Üç uzun yıl muhasaraya aldıkları kaleden ses çıkmaz. Hülagu Han üç uzun yıl kaleyi almadan çekip gitmez. Sonunda kalede yiyecek ve içecek tükenir ve kale alınır." (Marco Polo Seyahatnamesi – Tercüman Yayınları)
Pantolon giyen kadınlar
Sighinan isimli bölgeye geldiğinde Marco Polo'yu en çok şaşırtan ise kadınların pantolon giymesi ve erkeklerin güzellik anlayışı olmuştu. Bu göre kadınlar erkeklere daha güzel gelmek için şişman görünmeliydi ve kendilerine has kıyafetleri kadınları daha şişman gösterdiği için tercih ediliyordu;
"Kadınların bir kısmı ise pamuklu kumaştan yapılmış pantolon giyiyor. Bilhassa asil kadınlar pantolon giymeyi tercih ediyorlar. Üstüne de bol bol kısa elbise giyiyorlar. Bol elbise kadınları şişman gösterirmiş. Rehberim söyledi ‘Erkeklerimiz şişman kadınlardan hoşlanır. Bunun için de kadınlarımız bol elbise giymeyi tercih ediyorlar. Bir de bel kısımları bol dikilir, asil kadınlar böylece zayıf kadınlardan şişman görünmüş oluyorlar." (Marco Polo Seyahatnamesi – Tercüman Yayınları)
Kubilay Han ile tanışma
Marco Polo bin bir badire ile sonunda Kubilay Han'ın huzuruna erişebilmişti. Eserinde onu anlatmaya başlamadan önce atası Cengiz Han hakkında uzun uzun bilgi verdikten sonra Kubilay'ın kudreti içi şu sözleri sarf edecekti;
"Size şunu söyleyeyim ki yeryüzünün en güçlü hükümdarları bir araya gelse en muktedir kralları güçlerini tek elde toplayacağız dese, sahip oldukları iktidar Kubilay Han'ın elinde bulunan iktidarın yanında çok küçük kalır." (Marco Polo Seyahatnamesi – Tercüman Yayınları)

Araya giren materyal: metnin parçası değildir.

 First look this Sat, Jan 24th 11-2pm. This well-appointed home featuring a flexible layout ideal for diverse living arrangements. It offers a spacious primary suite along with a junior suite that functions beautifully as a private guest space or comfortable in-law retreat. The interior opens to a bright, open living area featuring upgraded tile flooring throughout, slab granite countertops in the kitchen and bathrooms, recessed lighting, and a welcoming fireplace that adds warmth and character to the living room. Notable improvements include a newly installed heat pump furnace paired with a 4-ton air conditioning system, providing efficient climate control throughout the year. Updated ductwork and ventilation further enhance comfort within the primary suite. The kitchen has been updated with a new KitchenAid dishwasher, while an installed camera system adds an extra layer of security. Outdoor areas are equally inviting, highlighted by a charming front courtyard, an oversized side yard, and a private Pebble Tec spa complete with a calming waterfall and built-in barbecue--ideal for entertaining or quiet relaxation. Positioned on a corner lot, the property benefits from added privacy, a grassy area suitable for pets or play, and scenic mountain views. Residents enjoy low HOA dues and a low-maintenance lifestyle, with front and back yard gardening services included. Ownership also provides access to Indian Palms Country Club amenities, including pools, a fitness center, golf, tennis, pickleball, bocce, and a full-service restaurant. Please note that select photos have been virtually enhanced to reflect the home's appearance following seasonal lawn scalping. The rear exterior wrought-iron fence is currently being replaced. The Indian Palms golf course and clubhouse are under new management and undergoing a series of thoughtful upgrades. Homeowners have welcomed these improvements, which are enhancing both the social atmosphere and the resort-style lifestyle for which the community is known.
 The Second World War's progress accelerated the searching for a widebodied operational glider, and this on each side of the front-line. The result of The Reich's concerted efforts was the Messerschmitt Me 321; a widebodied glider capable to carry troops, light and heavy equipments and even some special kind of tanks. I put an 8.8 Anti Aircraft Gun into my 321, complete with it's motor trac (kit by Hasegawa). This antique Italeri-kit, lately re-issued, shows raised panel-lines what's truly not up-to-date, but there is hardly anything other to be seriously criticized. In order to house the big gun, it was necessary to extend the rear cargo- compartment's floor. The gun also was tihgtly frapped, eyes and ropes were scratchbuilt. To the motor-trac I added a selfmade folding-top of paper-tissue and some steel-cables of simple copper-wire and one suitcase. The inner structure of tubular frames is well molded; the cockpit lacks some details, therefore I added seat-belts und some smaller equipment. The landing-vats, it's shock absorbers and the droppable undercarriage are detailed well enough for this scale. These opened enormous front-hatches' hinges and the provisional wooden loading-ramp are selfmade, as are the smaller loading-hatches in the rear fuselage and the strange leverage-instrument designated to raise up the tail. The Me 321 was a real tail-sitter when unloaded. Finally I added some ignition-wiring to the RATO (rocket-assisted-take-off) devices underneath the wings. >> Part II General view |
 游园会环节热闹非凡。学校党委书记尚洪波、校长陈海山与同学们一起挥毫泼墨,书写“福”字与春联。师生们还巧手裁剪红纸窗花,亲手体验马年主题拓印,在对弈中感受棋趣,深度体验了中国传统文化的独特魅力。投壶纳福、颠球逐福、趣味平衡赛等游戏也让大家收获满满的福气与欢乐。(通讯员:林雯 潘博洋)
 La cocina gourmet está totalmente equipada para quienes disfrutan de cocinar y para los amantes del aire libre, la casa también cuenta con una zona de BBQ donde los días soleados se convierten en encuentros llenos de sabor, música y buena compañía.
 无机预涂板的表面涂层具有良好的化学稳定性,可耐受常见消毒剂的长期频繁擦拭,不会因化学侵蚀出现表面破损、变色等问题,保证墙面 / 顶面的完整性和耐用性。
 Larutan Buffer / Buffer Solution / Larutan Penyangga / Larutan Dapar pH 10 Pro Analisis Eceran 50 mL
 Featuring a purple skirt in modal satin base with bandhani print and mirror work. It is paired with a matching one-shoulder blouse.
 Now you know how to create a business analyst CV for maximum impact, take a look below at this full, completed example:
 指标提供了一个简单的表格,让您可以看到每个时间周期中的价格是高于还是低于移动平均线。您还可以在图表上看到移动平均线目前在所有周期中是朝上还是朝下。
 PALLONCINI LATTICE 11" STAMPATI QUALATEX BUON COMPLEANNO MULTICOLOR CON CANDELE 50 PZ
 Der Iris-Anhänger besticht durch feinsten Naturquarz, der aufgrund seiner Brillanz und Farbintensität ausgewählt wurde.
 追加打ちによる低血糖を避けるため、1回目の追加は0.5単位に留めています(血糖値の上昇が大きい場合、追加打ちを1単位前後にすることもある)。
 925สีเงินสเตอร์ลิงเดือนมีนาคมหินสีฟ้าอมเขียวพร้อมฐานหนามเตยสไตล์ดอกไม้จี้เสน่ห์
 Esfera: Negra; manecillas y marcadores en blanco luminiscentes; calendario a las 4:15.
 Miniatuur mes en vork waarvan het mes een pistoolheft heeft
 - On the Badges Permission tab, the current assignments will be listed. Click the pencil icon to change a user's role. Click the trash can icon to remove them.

Bundan sonra Tatarlar hakkında ayrıntılı bilgiler vermeye başlayan Marco Polo geleneklere dair çok ilginç bilgiler aktaracaktı;
" Yeğenleriyle evlenmek serbest burada (Tatarlarda). Birinin babası ölürse onun en büyük erkek oğlu karısıyla evlenip haremine sahip oluyor, üvey olmak şartıyla. Bir de erkek kardeşi ölürse yengesiyle evlenmek de caiz burada. Çok da debdebeli düğün yapıyorlar burada." (Marco Polo Seyahatnamesi – Tercüman Yayınları)
Tatarların savaş stratejisinden beslenme kültürüne kadar sayısız bilgi aktaran Marco Polo Kubilay Han'ın yanında uzun yılar kalmış ve tüm saray entrikalarını öğrenmişti. Öyle ki Han'ın en gözde yöneticisi konumuna yükselmişti.
İlerleyen zamanlarda Kubilay Han hastalanıp yatağa düşünce Han'ın ölümünün Marco Polo'nun da ölümü olacağını anlayan babası Nicolas Polo oğlunu yanına alarak Venedik'e geri dönme kararı aldı. Kubilay Han önceleri Marco Polo'yu göndermek istememişse de kendisine bunca yıldır hizmet eden bu Latinleri daha fazla kıramayarak gitmelerine izin verecekti.
*Daha ayrıntılı bir okuma için Marco Polo Seyahatnamesi – Tercüman Yayınları; Kristof Kolomb'un "Seyir Defterleri" ve Halil İnalcık'ın "Kristof Kolomb ve Haçlı Politikası" isimli çalışmaları incelenebilir.